[Stored items from a collection]
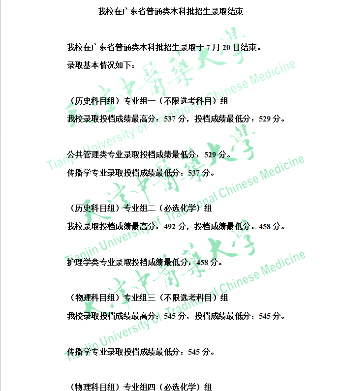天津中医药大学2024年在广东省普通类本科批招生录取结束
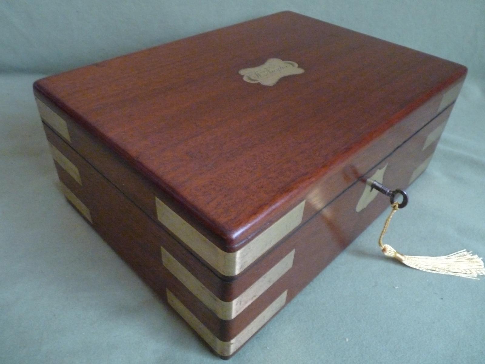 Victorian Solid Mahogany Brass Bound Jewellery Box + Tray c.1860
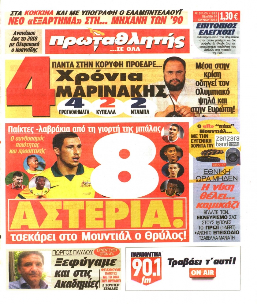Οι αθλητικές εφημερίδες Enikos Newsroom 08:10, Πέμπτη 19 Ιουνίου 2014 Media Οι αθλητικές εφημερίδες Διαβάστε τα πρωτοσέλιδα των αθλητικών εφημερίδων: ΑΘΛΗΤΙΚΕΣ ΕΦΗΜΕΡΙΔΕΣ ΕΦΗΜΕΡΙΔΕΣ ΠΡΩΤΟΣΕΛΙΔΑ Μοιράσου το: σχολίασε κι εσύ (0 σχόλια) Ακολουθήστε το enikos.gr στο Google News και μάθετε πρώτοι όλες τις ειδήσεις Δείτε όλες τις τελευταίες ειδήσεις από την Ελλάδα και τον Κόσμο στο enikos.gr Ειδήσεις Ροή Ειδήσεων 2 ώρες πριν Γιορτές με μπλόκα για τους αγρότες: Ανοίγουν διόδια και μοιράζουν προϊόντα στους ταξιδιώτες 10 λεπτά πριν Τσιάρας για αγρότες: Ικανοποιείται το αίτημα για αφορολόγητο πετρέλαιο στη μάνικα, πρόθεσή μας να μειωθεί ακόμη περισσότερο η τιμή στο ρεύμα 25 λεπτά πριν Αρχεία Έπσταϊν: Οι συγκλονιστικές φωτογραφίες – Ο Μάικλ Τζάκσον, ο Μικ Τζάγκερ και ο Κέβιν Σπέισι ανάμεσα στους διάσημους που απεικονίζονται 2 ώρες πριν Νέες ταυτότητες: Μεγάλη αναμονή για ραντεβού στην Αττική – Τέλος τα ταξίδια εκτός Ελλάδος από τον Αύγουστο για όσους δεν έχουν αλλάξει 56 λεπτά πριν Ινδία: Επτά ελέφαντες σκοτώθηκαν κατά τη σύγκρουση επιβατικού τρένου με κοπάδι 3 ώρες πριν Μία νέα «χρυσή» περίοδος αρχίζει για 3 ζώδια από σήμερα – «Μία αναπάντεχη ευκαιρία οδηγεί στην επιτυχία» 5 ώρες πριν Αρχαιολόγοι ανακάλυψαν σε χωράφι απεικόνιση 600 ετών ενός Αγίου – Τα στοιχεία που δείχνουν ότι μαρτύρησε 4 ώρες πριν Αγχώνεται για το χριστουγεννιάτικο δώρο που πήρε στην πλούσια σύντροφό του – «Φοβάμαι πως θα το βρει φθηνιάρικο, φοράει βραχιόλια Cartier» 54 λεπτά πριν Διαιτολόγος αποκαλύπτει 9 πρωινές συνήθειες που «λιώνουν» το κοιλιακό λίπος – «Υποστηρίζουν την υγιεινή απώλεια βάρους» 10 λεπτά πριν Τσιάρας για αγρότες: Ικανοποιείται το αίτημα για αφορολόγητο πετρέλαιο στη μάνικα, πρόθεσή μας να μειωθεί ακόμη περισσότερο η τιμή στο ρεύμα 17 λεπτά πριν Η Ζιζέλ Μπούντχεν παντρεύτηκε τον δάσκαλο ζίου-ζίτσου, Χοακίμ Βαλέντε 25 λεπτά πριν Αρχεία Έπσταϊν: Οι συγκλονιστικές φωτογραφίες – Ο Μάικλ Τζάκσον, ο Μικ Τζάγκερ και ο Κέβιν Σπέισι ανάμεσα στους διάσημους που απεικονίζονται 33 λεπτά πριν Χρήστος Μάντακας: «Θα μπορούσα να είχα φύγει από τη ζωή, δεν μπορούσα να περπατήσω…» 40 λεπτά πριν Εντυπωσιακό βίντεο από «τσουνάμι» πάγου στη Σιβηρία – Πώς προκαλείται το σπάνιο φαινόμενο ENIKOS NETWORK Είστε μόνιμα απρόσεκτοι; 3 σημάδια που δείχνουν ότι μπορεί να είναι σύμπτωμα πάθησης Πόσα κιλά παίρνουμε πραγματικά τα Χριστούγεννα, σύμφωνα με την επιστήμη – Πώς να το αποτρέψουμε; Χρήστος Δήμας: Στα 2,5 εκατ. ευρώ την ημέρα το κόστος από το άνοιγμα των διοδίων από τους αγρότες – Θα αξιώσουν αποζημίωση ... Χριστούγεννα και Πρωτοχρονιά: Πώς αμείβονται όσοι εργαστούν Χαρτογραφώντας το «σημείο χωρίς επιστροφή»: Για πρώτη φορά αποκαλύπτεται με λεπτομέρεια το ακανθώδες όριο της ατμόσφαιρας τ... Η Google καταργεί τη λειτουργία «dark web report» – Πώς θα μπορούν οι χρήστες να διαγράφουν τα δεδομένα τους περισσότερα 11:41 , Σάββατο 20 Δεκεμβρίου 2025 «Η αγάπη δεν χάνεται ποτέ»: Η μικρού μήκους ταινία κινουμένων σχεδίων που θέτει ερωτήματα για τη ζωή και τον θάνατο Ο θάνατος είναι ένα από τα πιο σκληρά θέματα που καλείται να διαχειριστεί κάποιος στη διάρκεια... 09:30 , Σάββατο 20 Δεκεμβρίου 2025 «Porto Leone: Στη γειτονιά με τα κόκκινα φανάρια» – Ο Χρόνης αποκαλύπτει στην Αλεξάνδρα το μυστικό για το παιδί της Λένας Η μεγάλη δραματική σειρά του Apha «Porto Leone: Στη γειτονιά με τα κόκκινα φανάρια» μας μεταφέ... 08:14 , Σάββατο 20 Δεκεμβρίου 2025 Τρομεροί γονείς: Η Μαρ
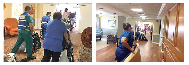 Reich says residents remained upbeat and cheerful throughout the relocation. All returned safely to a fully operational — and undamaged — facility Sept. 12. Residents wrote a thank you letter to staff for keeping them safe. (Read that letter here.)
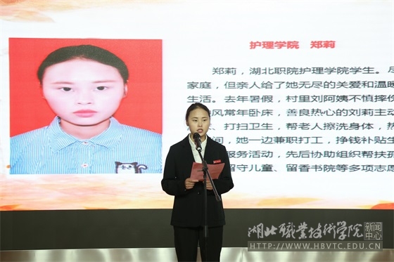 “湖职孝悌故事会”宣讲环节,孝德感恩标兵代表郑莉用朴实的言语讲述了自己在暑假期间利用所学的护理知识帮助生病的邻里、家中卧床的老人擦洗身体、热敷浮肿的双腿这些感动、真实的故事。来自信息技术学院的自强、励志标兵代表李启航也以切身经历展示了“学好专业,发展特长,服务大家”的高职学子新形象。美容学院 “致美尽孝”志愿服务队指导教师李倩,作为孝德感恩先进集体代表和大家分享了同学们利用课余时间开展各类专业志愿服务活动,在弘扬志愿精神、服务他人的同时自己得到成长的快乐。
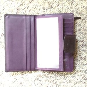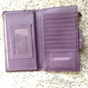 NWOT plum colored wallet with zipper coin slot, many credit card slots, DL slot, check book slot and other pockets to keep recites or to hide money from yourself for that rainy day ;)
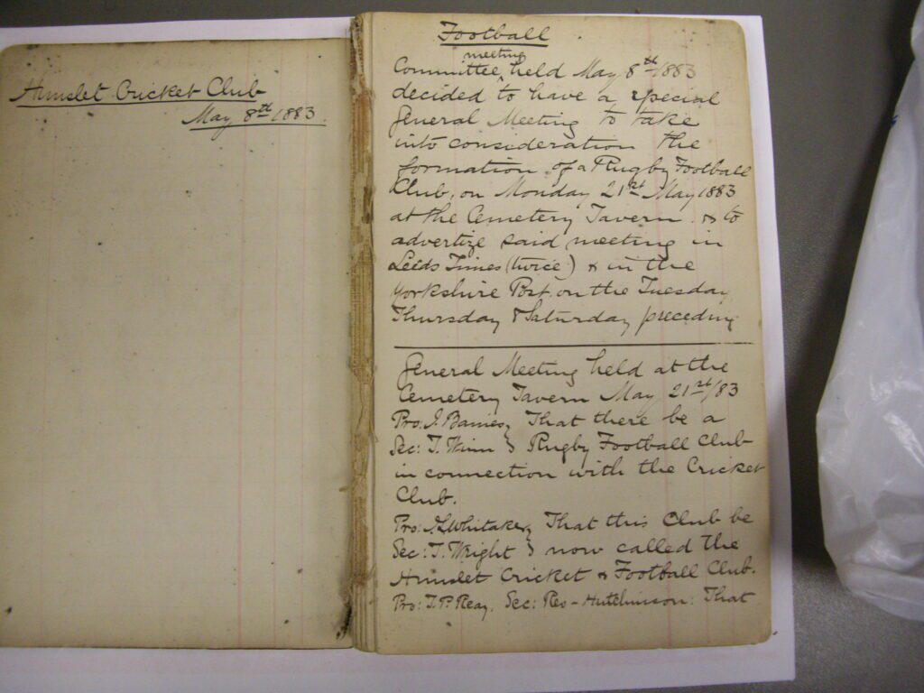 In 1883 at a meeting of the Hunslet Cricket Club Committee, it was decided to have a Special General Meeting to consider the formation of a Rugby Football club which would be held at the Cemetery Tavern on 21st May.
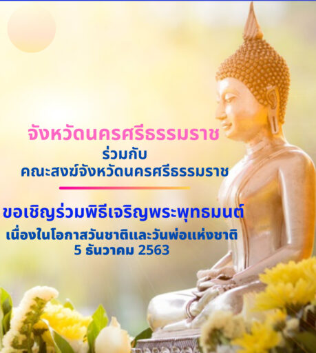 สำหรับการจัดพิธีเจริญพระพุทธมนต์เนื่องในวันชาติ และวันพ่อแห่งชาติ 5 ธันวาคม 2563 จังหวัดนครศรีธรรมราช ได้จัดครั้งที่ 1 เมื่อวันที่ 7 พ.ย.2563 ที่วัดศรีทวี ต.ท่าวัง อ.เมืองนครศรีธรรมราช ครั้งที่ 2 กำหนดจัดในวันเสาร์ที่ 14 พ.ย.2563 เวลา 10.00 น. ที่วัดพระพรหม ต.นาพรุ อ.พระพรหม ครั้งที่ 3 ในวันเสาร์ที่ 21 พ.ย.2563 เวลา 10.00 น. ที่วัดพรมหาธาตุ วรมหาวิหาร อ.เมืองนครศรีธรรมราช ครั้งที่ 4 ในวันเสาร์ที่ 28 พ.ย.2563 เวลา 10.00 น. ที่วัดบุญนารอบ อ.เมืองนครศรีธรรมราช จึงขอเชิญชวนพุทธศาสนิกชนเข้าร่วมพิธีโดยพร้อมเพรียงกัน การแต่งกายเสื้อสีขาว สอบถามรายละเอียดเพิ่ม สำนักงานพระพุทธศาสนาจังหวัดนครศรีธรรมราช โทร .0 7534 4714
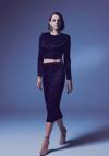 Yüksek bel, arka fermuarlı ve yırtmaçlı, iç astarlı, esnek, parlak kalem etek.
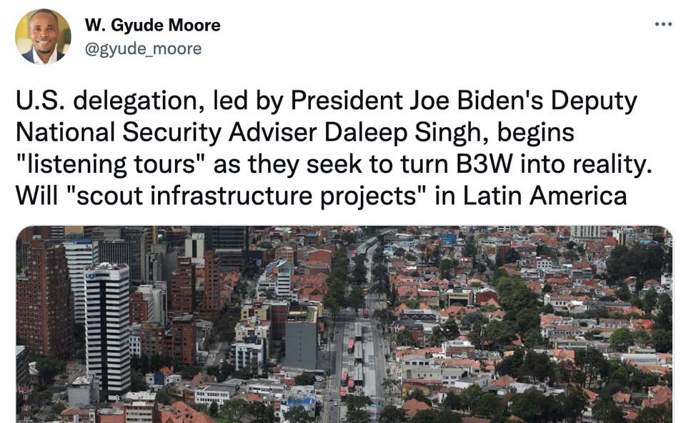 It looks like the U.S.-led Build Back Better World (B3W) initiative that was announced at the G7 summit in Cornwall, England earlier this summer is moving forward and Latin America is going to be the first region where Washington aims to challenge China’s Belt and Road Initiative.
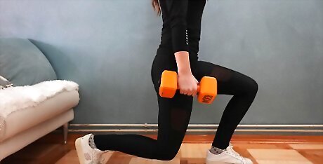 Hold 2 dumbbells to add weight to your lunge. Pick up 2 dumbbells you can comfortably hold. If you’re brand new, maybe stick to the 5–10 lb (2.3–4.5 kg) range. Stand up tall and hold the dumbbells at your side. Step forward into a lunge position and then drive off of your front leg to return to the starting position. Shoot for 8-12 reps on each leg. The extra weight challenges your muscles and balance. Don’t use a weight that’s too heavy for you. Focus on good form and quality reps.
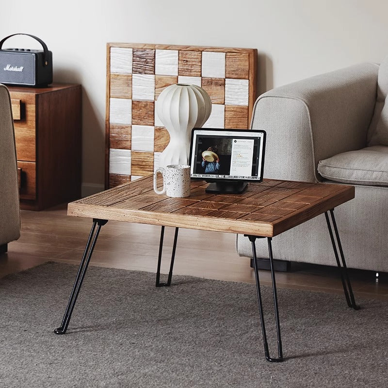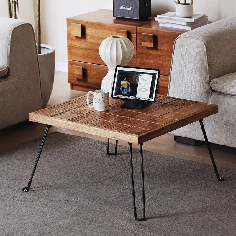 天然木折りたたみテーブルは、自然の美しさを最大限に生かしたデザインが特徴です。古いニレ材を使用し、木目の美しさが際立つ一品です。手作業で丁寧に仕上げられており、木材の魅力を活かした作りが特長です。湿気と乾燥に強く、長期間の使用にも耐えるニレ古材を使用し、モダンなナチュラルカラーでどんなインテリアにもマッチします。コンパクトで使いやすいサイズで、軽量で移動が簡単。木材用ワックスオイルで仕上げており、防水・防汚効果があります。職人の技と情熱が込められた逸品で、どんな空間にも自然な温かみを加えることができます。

| WORK TO COMPLETE |
Though the entries above contain pictures, none should be copied; reproduce only the lines between the one holding "Reich says residents" and the one holding "NWOT plum colored", inclusive, exactly as written.

| SOLUTION |
 Reich says residents remained upbeat and cheerful throughout the relocation. All returned safely to a fully operational — and undamaged — facility Sept. 12. Residents wrote a thank you letter to staff for keeping them safe. (Read that letter here.)
 “湖职孝悌故事会”宣讲环节,孝德感恩标兵代表郑莉用朴实的言语讲述了自己在暑假期间利用所学的护理知识帮助生病的邻里、家中卧床的老人擦洗身体、热敷浮肿的双腿这些感动、真实的故事。来自信息技术学院的自强、励志标兵代表李启航也以切身经历展示了“学好专业,发展特长,服务大家”的高职学子新形象。美容学院 “致美尽孝”志愿服务队指导教师李倩,作为孝德感恩先进集体代表和大家分享了同学们利用课余时间开展各类专业志愿服务活动,在弘扬志愿精神、服务他人的同时自己得到成长的快乐。
 NWOT plum colored wallet with zipper coin slot, many credit card slots, DL slot, check book slot and other pockets to keep recites or to hide money from yourself for that rainy day ;)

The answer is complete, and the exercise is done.